Point structures aside, it’s a mega step for Cashman’s crew, which now sits next to Cornell in the league standings ahead of Friday night’s game in Ithaca, a game that’s all of a sudden become a sneaky big game for the first half of the year. Both teams are tied with six points, but the two-point differential over Quinnipiac and Brown won’t clinch much until the season really ramps up.

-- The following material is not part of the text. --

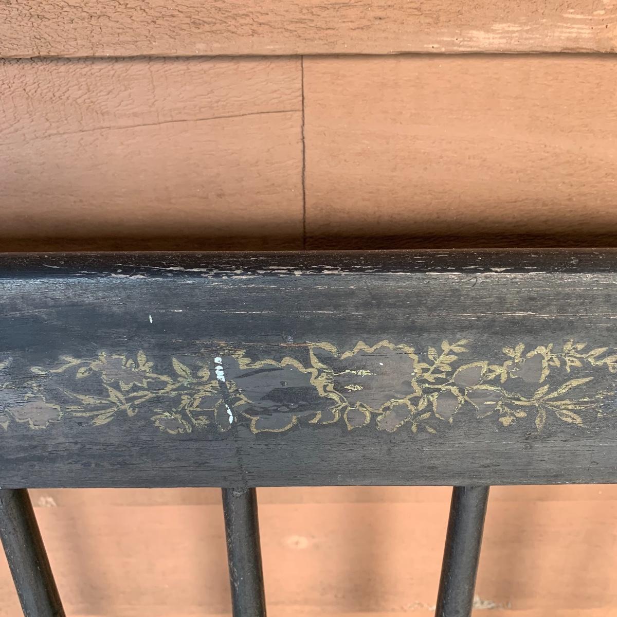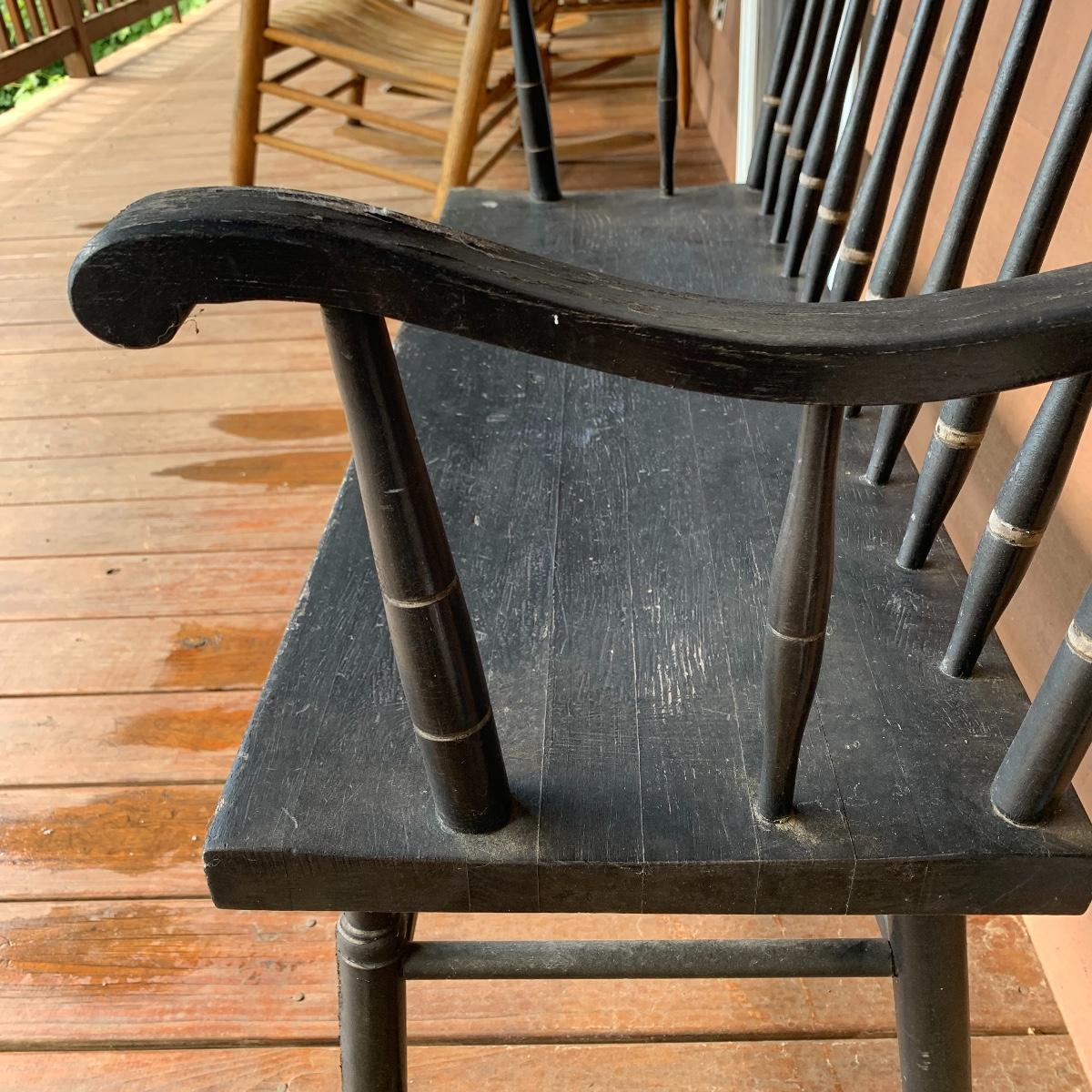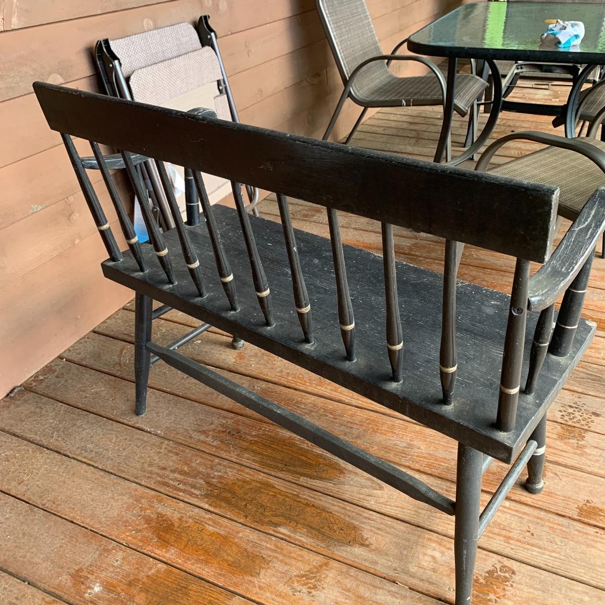 Add a touch of historic charm with this classic colonial style bench. This piece features turned spindles, curved armrests, and matte black paint. On the top of the back rest is the remnants of a gold, floral design (see pics). This bench measures 39” wide X 15” deep X 38” tall. There is some chipping paint, but other then that, this piece of furniture is in good condition.

That said, points this weekend could set a pace for the rest of the year with an unlikely breakout team leading the charge behind a system that’s starting to bring it closer together.
“Winning’s a big part of getting fans into our team,” Cashman said, “but now we have to do our job. I know this community is strong. The history of hockey support is extremely strong and the better product we can put on the ice, the more we can enjoy those crowds at Thompson Arena.
“Heading to Cornell this weekend was always a lot of fun for me. I’ve always enjoyed it as a coach, and it’ll be exciting for us to get on a bus on Thursday and head that way to play a top-10 team [to start the weekend].”
Dartmouth and Cornell drop the puck at 7 p.m. on Friday night with Saturday night’s game at Colgate also set for a 7 p.m. faceoff.